Infos:
- Used Zammad version: 7.0
- Used Zammad installation type: APT
- Operating system: Ubuntu 22.04
- Browser + version: Chrome
- AI: Ollama - llama3.2
Expected behavior:
- Ticket is renamed to something detailed / informative
Actual behavior:
- Ticket is renamed, but not in any meaningful way
Steps to reproduce the behavior:
We have a ticket kiosk which is basically just the form on a dedicated page. The tickets that come from it are all names “Help Kiosk Ticket”. I would like it to be named based on something in the body of the ticket.
Set the agent to run on tickets with that subject line, and it runs, but it doesn’t add any useful information.
Example:
Subject Help Kiosk Ticket
Body: I lost my charger and I need a replacement.
The subject gets changed to: Help Kiosk Ticket Request
I don’t want to go mucking about in the prompt since it seems like the Zammad team went through a lot of effort to dial in the prompts, but I’m wondering if there is something I should modify in that prompt to help.
That’s interesting. One would think that 128k context should be good enough.
I’ve ran it against Zammad AI, just to get a comparison, without knowing what model runs in the background and it returns this: Lost charger replacement request. That’s a good title in my opinion.
I then took the request from the logs that Zammad sent to the LLM and run it manually against a docker.io/llama3.2 model which basically returns the same title.
That’s it’s characteristics, executed on my Macbook locally:
Not sure if that helps, but double checking if you have the bigger model of the two running (or not). I’m of course assuming that the machine you’re executing this on has enough steam to run these models etc etc.
Another side note: Is there any articles beside the initial article inside the ticket the moment the agent is running?
It’s running against Ollama with llama3.2:latest which I believe pulls the 3B instruction model.
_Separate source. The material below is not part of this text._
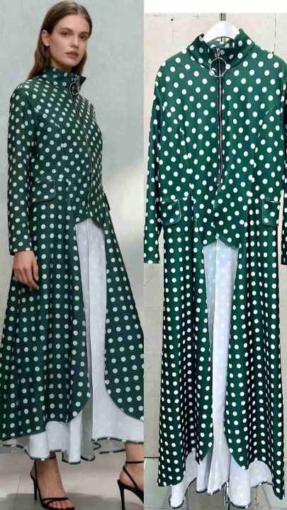 New polka dot zip-up trench coat dress, Size:S-2XL ,1 design many colors.

I have given a context length of 8192. I’m going to increase to 128K to see if the performance is better and if it causes any issues.
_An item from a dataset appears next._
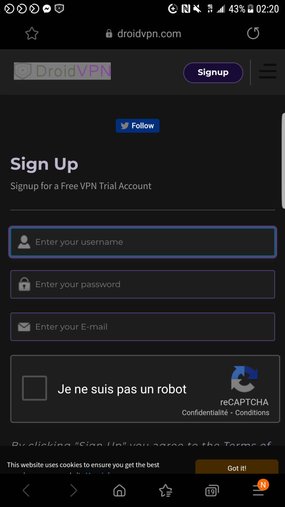 Appuyez sur « sign up for free » et vous serez dirigé vers le site officiel de droid vpn,

The GPU only has 8GB of VRAM so I’m trying to balance model size and context window.
The ticket only has the initial article. I’m triggering on newly opened tickets with the generic ticket name that my kiosk gives.
This was fixed by moving to Gemma3, but then my ticket summaries and now coming back as incorrectly formatted text (each and every letter of the response get’s its own line)
In the end, prompts can always be improved, and prompts will also always work differently depending on the used LLM; it’s a very difficult situation.
For the summary problem, this means the LLM is not returning the correct structure. The conversation summary should be returned as an array of paragraphs. The output that you are seeing means that it’s only one string and not an array.
We also tested in the past with gemma3:27b, which was not bad, but this result structure change was afterwards, maybe not every LLM is doing a good job here, at least without tested LLMs, it was fine.
We may be able to improve this situation with a fallback. Let’s see, will think about it.